Hav­ing read the whole pa­per now I re­main con­cerned that de­bate is not likely to be use­ful for al­ign­ment. Aside from the ad­ver­sar­ial train­ing is­sues that to me seem likely to pro­duce agents op­ti­mized for things other than hu­man val­ues in the ser­vice of win­ning de­bate even if it is con­strained by be­ing judged by hu­mans, de­bate also lacks in it­self a way to en­courage agents to up­date on in­for­ma­tion and pre­fer de­vel­op­ing ar­gu­ments that al­low it to win. To be fair the au­thors seem aware of this and ac­knowl­edge that de­bate would need to be com­bined with other meth­ods in or­der to provide a com­plete al­ign­ment solu­tion, and in this light it does seem per­haps rea­son­able that if we en­g­ineer our way to al­ign­ment rather than prove our way to it de­bate may help ad­dress some sub­prob­lems in al­ign­ment that are not as well ad­dressed by other meth­ods.
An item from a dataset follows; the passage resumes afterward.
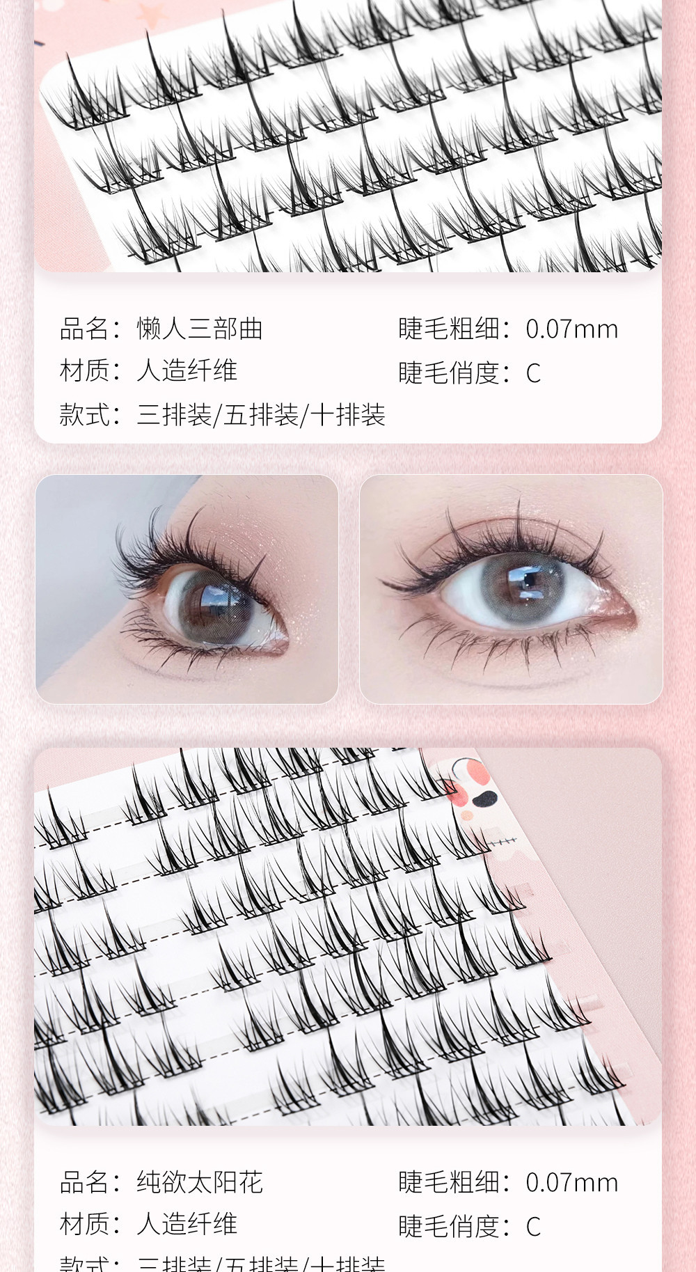 懒人三部曲假睫毛自然款硬梗大容量小恶魔太阳花眼睫毛单簇漫画

Strangely I find read­ing about de­bate makes me feel a bit more con­fi­dent that am­plifi­ca­tion and Paul et al.’s ap­proach to al­ign­ment at OpenAI is likely to work, keep­ing in mind I’ve re­cently been flip-flop­ping a bit on my as­sess­ment of it (cf. my re­cent as­sess­ment of ex­ist­ing al­ign­ment pro­grams and my com­ments on Stu­art’s thoughts on am­plifi­ca­tion). I’m not sure if this says more about my un­cer­tainty around what Paul et al. are at­tempt­ing or re­flects high-var­i­ance up­dates based on de­vel­op­ments in their pro­gram, but it is worth not­ing if you’re look­ing to my as­sess­ments as ev­i­dence about their pro­gram. Hope­fully I will have more to say soon about di­alec­ti­cal AI al­ign­ment so it can be more fully eval­u­ated in com­par­i­son to ideas like de­bate and am­plifi­ca­tion.